(Beginning of Recorded data)

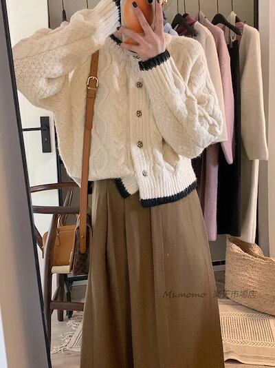 40代 配色 春秋冬 オシャレ韓国風 ニットカーディガン 50代 ニットカーディガン 長袖セーター ショット丈セーター ゆったりプルオーバー レディース 大人ニットアウター 30代
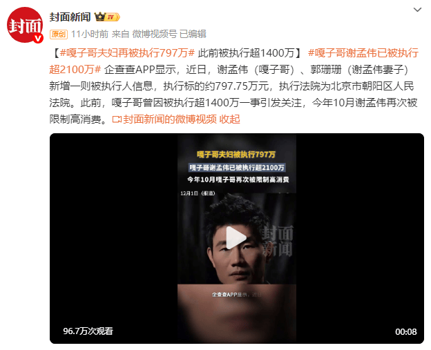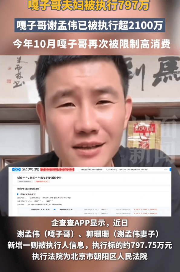 企查查APP显示,近日,谢孟伟(嘎子哥)、郭珊珊(谢孟伟妻子)新增一则被执行人信息,执行标的约797.75万元,执行法院为北京市朝阳区人民法院。此前,嘎子哥曾因被执行超1400万一事引发关注,今年10月谢孟伟再次被限制高消费。
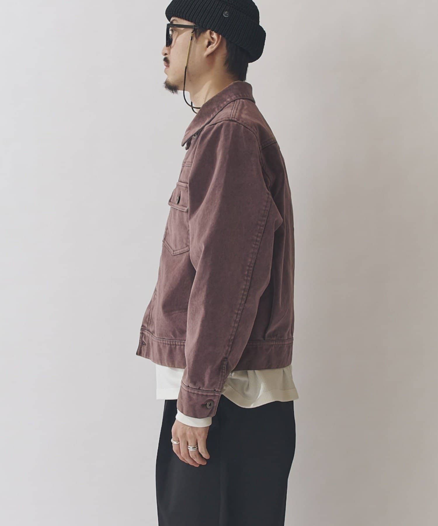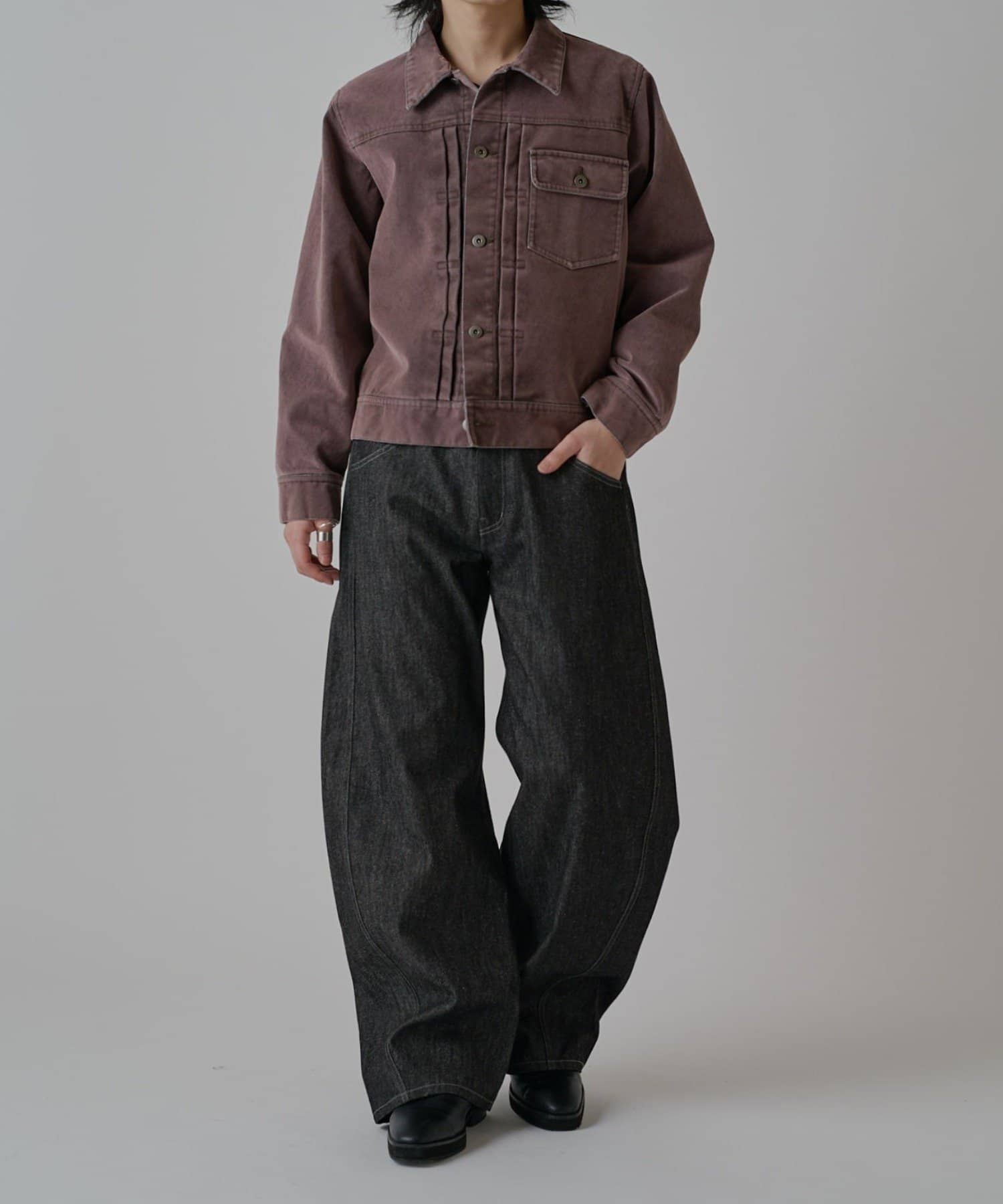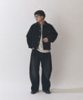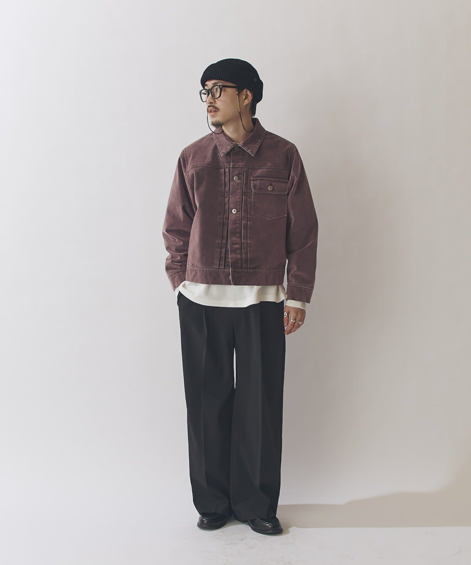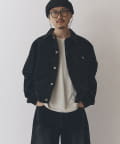 特徴的な素材感と、ボックスシルエットがポイントのデニムジャケットなので、キレイ目なワイドパンツと組み合わせたキレイめなコーディネートや、同素材で展開しているデニムパンツと組み合わせたセットアップもオオススメです。
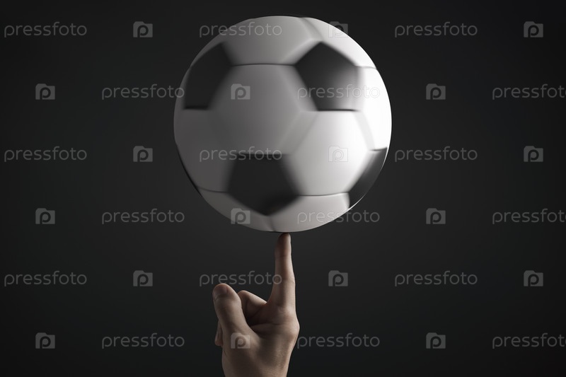 Футбольный мяч вращается на пальце. Мяч размыт в движении
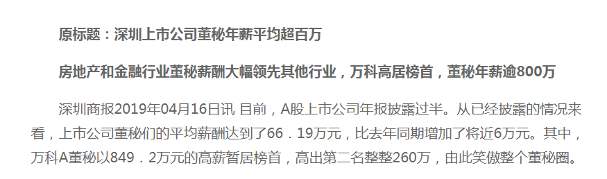 這不,最近深圳上市公司董秘平均年薪就出爐了
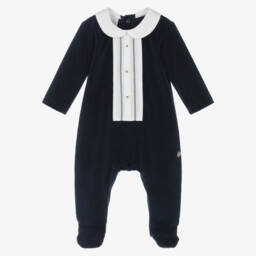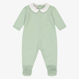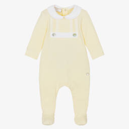 Pale yellow babygrow for boys and girls by classic brand Paz Rodriguez, made in soft, comfortable jersey. It has a white, linen-look overlay on the bodice, with branded, mother-of-pearl button detailing.
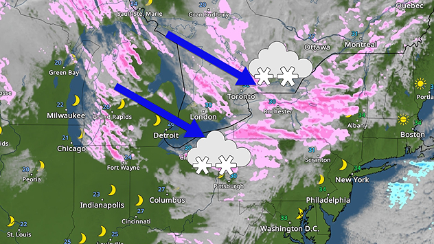 El viento frío del noroeste recoge humedad sobre los Grandes Lagos. Esto provoca la formación de intensas nevadas, visibles desde el radar del tiempo.
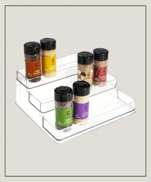 Spruce up your spice racks (or your organizing friend’s spice racks) with these clean-cut acrylic spice racks. They fit perfectly in the standard-sized cabinet – you will need at least two!
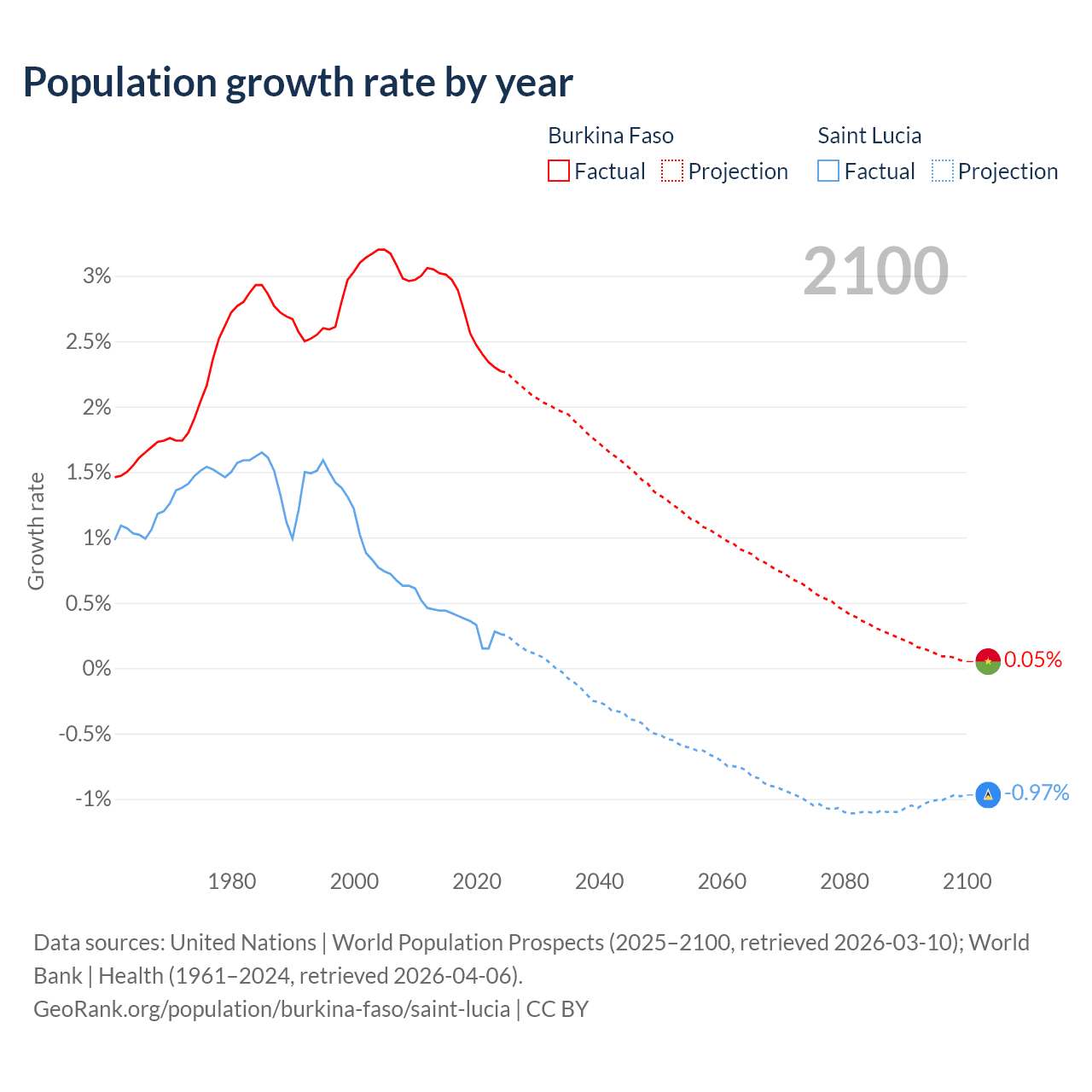 - For the last 10 years, Burkina Faso has had an average growth rate of +2.63% per year vs +0.33% in Saint Lucia.

(End of Recorded data)

> [Exercise] Would you set down the records above once more, exactly, with the pictures removed?

> [Task result]
 40代 配色 春秋冬 オシャレ韓国風 ニットカーディガン 50代 ニットカーディガン 長袖セーター ショット丈セーター ゆったりプルオーバー レディース 大人ニットアウター 30代
 企查查APP显示,近日,谢孟伟(嘎子哥)、郭珊珊(谢孟伟妻子)新增一则被执行人信息,执行标的约797.75万元,执行法院为北京市朝阳区人民法院。此前,嘎子哥曾因被执行超1400万一事引发关注,今年10月谢孟伟再次被限制高消费。
 特徴的な素材感と、ボックスシルエットがポイントのデニムジャケットなので、キレイ目なワイドパンツと組み合わせたキレイめなコーディネートや、同素材で展開しているデニムパンツと組み合わせたセットアップもオオススメです。
 Футбольный мяч вращается на пальце. Мяч размыт в движении
 這不,最近深圳上市公司董秘平均年薪就出爐了
 Pale yellow babygrow for boys and girls by classic brand Paz Rodriguez, made in soft, comfortable jersey. It has a white, linen-look overlay on the bodice, with branded, mother-of-pearl button detailing.
 El viento frío del noroeste recoge humedad sobre los Grandes Lagos. Esto provoca la formación de intensas nevadas, visibles desde el radar del tiempo.
 Spruce up your spice racks (or your organizing friend’s spice racks) with these clean-cut acrylic spice racks. They fit perfectly in the standard-sized cabinet – you will need at least two!
 - For the last 10 years, Burkina Faso has had an average growth rate of +2.63% per year vs +0.33% in Saint Lucia.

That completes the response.